=== INPUT DATA ===
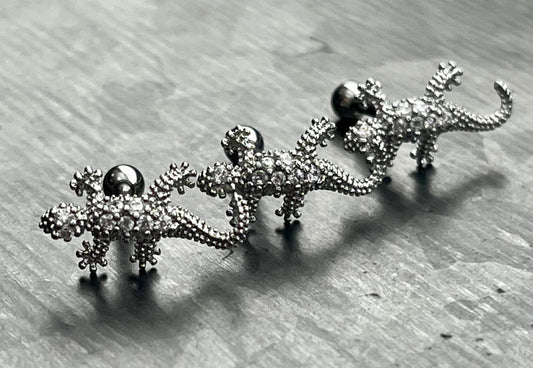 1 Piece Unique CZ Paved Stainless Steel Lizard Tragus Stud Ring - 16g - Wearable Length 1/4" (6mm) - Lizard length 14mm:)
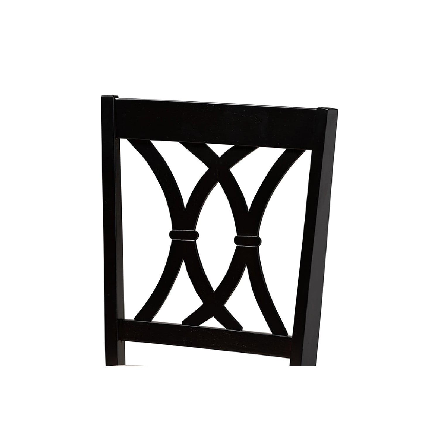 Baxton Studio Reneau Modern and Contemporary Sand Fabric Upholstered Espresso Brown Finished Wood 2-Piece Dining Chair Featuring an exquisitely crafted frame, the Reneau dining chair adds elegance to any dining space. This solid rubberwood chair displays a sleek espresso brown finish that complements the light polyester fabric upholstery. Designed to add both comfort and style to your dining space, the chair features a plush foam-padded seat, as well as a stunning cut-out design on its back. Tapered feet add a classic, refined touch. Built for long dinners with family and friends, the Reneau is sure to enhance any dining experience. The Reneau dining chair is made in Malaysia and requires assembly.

--

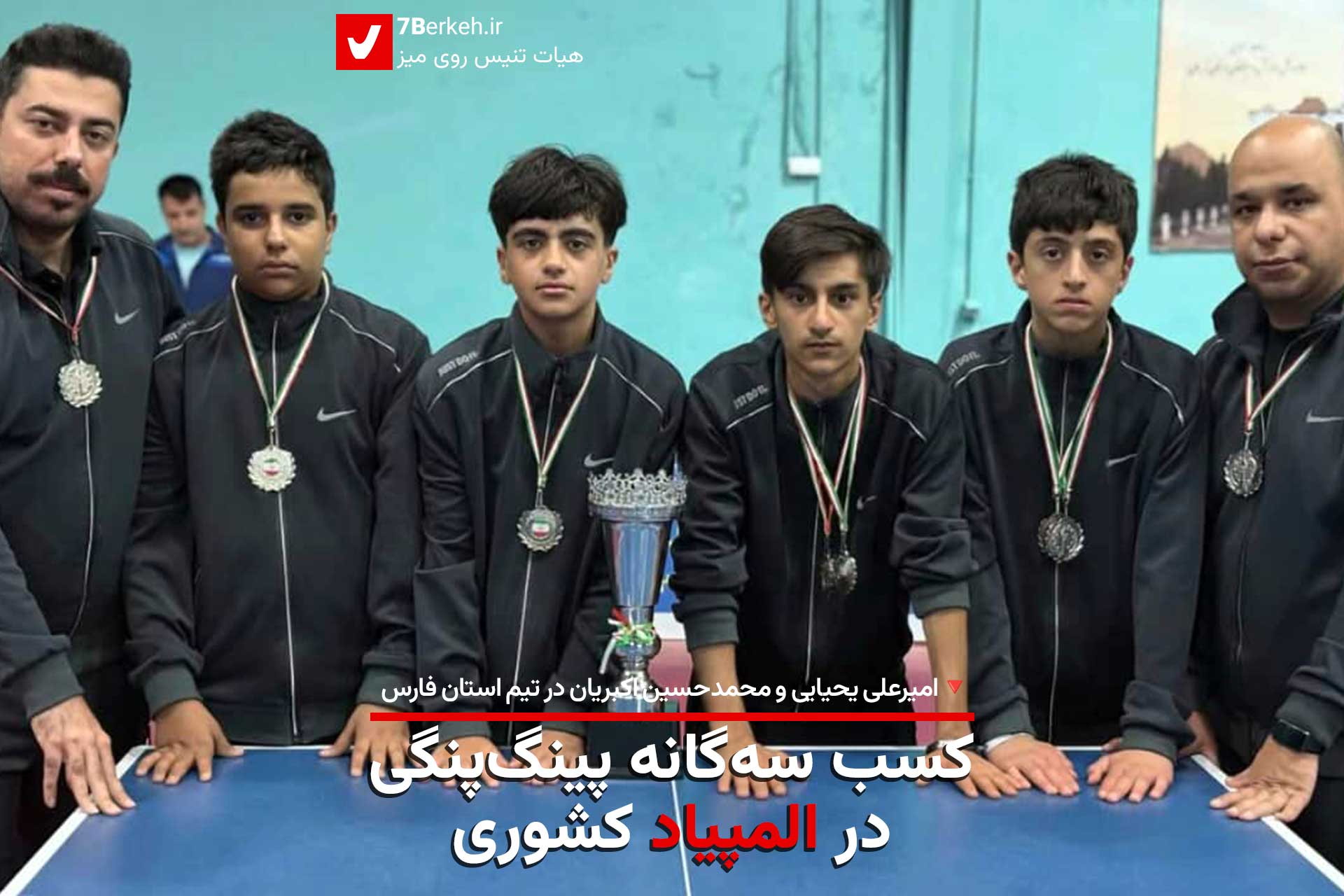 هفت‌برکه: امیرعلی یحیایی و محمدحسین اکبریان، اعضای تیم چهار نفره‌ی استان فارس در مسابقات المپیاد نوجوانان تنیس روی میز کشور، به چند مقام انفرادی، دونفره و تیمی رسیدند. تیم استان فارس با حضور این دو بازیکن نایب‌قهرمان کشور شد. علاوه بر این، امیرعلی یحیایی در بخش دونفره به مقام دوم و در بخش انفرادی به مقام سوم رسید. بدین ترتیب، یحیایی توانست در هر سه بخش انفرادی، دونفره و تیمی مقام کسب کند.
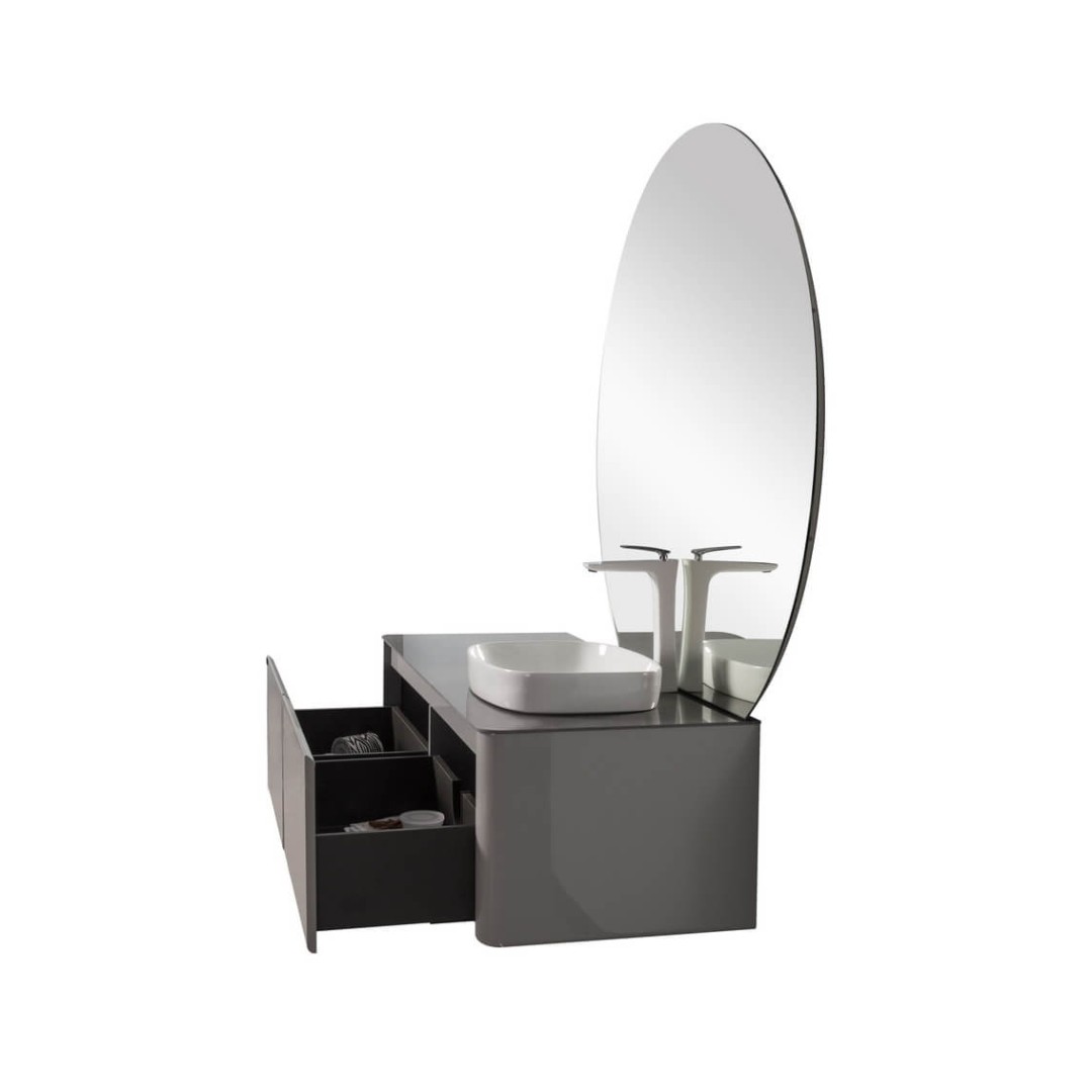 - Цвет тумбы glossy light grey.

---

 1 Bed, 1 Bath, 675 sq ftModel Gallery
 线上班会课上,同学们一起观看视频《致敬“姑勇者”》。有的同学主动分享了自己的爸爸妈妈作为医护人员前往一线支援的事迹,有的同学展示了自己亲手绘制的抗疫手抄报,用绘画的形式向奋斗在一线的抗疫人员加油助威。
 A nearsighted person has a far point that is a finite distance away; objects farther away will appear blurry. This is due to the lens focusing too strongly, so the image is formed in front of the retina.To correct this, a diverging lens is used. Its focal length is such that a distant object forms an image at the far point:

=== AIM OF THE TASK ===
Once the line with "1 Piece Unique" has been found above, output that line and every later line exactly, stopping after the line with "Baxton Studio Reneau", and omit the pictures.

=== THE COMPLETED TASK ===
 1 Piece Unique CZ Paved Stainless Steel Lizard Tragus Stud Ring - 16g - Wearable Length 1/4" (6mm) - Lizard length 14mm:)
 Baxton Studio Reneau Modern and Contemporary Sand Fabric Upholstered Espresso Brown Finished Wood 2-Piece Dining Chair Featuring an exquisitely crafted frame, the Reneau dining chair adds elegance to any dining space. This solid rubberwood chair displays a sleek espresso brown finish that complements the light polyester fabric upholstery. Designed to add both comfort and style to your dining space, the chair features a plush foam-padded seat, as well as a stunning cut-out design on its back. Tapered feet add a classic, refined touch. Built for long dinners with family and friends, the Reneau is sure to enhance any dining experience. The Reneau dining chair is made in Malaysia and requires assembly.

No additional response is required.